Jeff Beck - Beck-Ola (1969)
Depois de lançar seu primeiro álbum, Truth, no ano anterior, Jeff Beck volta mais uma vez com sua banda Jeff Beck Group. A formação se manteve basicamente a mesma, com uma pequena alteração na bateria: Jeff Beck teria trocado Micky Waller pelo experiente Tony Newman. Apesar de alegar que a troca aconteceu porque o antigo baterista seria muito Motown, enquanto Newman teria uma pegada mais pesada; a troca parece ter mais a ver com o palco, já que o resultado no estúdio é imperceptível. Diferente de Truth, a banda não traz nenhuma participação especial. Mas Nicky Hopkins, dessa vez, se junta à banda de maneira fixa, contribuindo com seu piano em todo o álbum.
Em Beck-Ola, a banda apresenta um álbum menor. Com 30 minutos e apenas 7 músicas. Mas de alguma forma, esse álbum conciso parece ser mais preciso, trazendo apenas 2 covers e 5 músicas originais.

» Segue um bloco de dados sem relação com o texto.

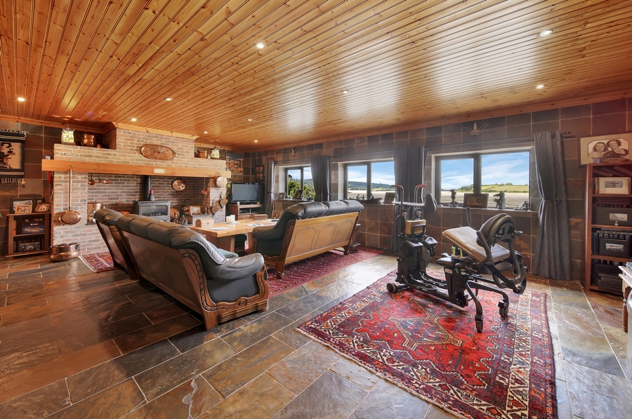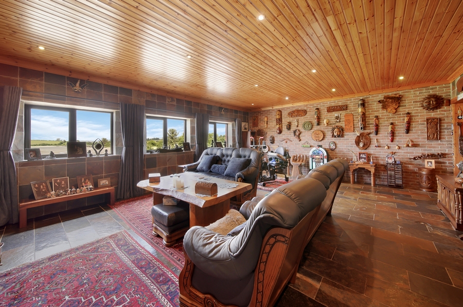 Reception Hall | 7.0m x 4.8m | Slate tiled floor. All walls finished with slate tiling. Tongue & groove timber ceiling. Recessed ceiling lights. Large walk-in hot press. 6 x wall lights. |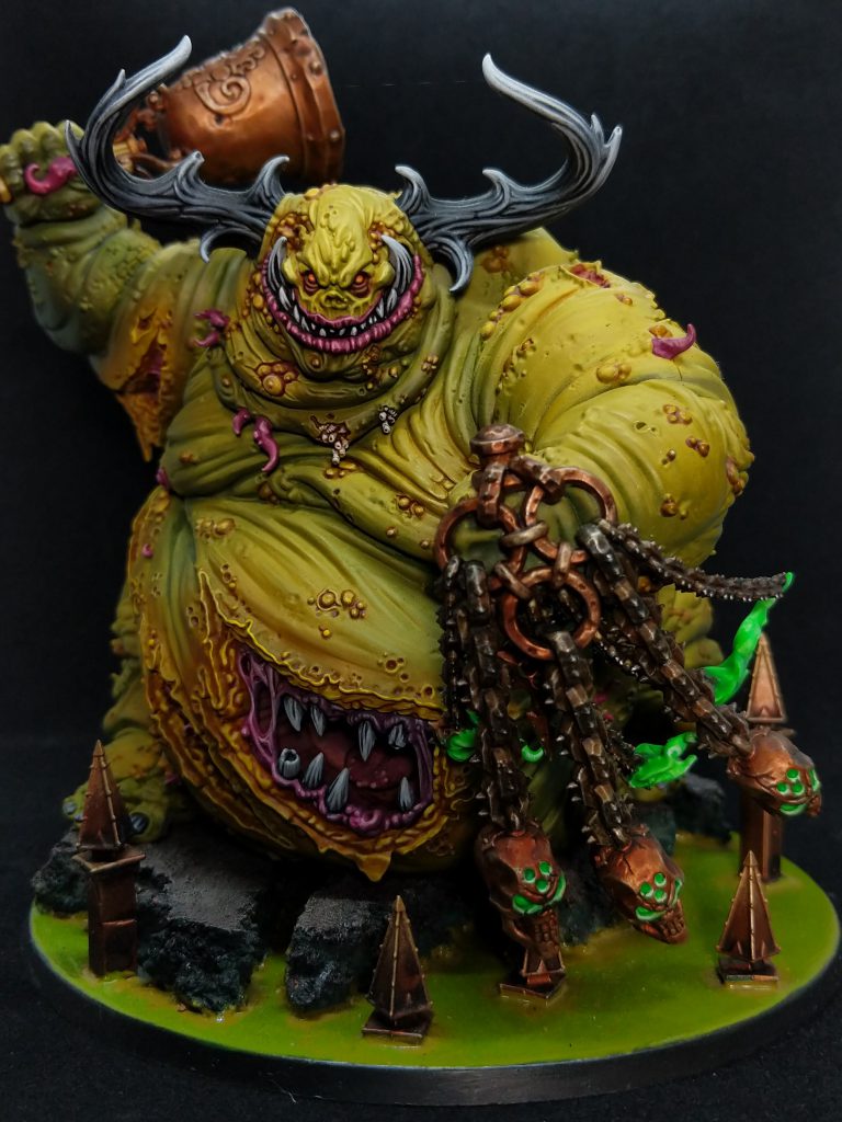 This brings us to 2010. Essentially, I had been collecting Warhammer for about six years, and had little to no table experience. I pushed trying to get better at the game aside and started buying random models for interest. Honestly, when you are looking at models for competition there are really only two ways to view a model. Either the model is incredibly detailed, giving you the opportunity to get lost in the sculptor’s work. Or the model is sparse, leaving you room to interpret the model in your own way. I’m certain you can imagine which is easier to paint for competition when you are new to the competitive painting scene. This is how I ended up falling in love with Nurgle models.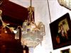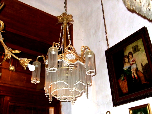 French ormolu body chandelier with nice delicate glass trimmings, crystal beads and ormolu chains supports surrounding the central rod pendant.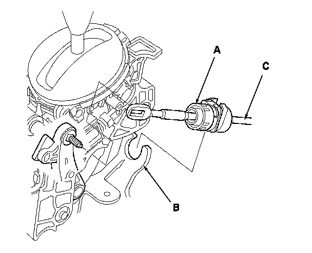 6. Rotate the socket holder retainer (A) counterclockwise, push it against the socket holder bracket (B), then slide the socket holder to remove the shift cable (C) from the bracket.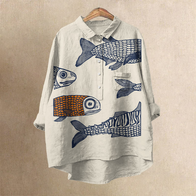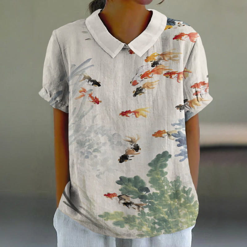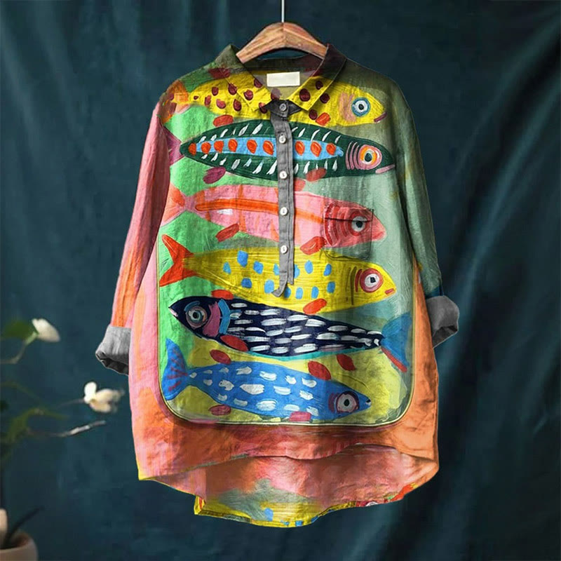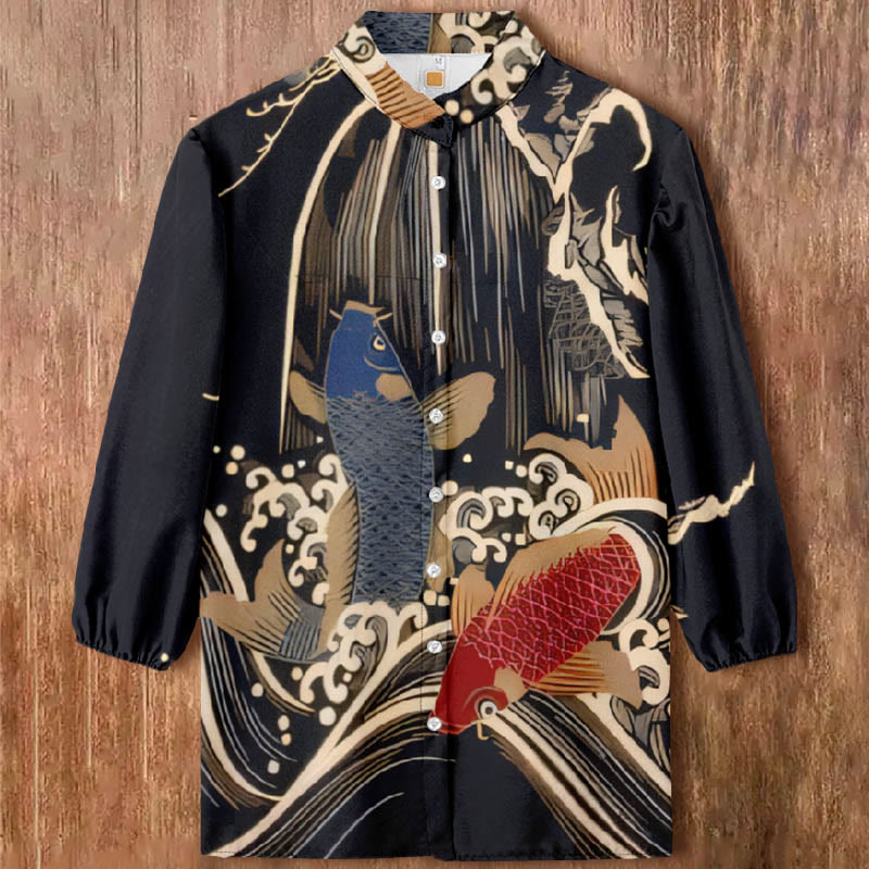 Dashingsoul Women's Watercolor Goldfish Art Print Casual Lapel Loose Blouse

Novamente produzido por Mickie Most, o álbum tem uma sonoridade bem próxima do primeiro. Apesar da forte veia de Blues, sempre presente, Beck-Ola parece apresentar um álbum mais pesado, ressaltando o groove do Rock Psicodélico do final dos anos 60.

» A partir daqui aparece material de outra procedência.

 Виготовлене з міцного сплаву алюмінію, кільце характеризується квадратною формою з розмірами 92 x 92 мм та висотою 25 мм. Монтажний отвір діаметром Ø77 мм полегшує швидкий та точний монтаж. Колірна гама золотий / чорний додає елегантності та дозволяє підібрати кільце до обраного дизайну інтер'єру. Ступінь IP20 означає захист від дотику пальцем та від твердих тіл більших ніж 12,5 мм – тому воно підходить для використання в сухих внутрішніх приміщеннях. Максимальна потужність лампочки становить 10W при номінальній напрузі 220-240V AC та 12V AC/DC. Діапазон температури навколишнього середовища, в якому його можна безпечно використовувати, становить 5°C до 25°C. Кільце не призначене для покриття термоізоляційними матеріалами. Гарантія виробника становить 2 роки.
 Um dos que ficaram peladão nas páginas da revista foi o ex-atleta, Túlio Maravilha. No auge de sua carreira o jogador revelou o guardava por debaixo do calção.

Ao invés de trazer covers de Blues, o álbum traz 2 covers de Elvis Presley: All Shook Up e Jailhouse Rock. Ambas bem repaginadas, como a banda tinha feito com Shape of Things, deixando o som mais moderno e experimental. All Shook Up é quase irreconhecível.
Girl From Mill Valley é uma balada focada no piano. Composta por Nicky Hopkins, a faixa que nãocontém guitarra nem vocal, dá um toque de fofura no álbum, com uma sonoridade Pop Barroco, típico da Inglaterra dos anos 60. A música representa bem a capa do álbum: Uma pintura do artista belga René Magritte.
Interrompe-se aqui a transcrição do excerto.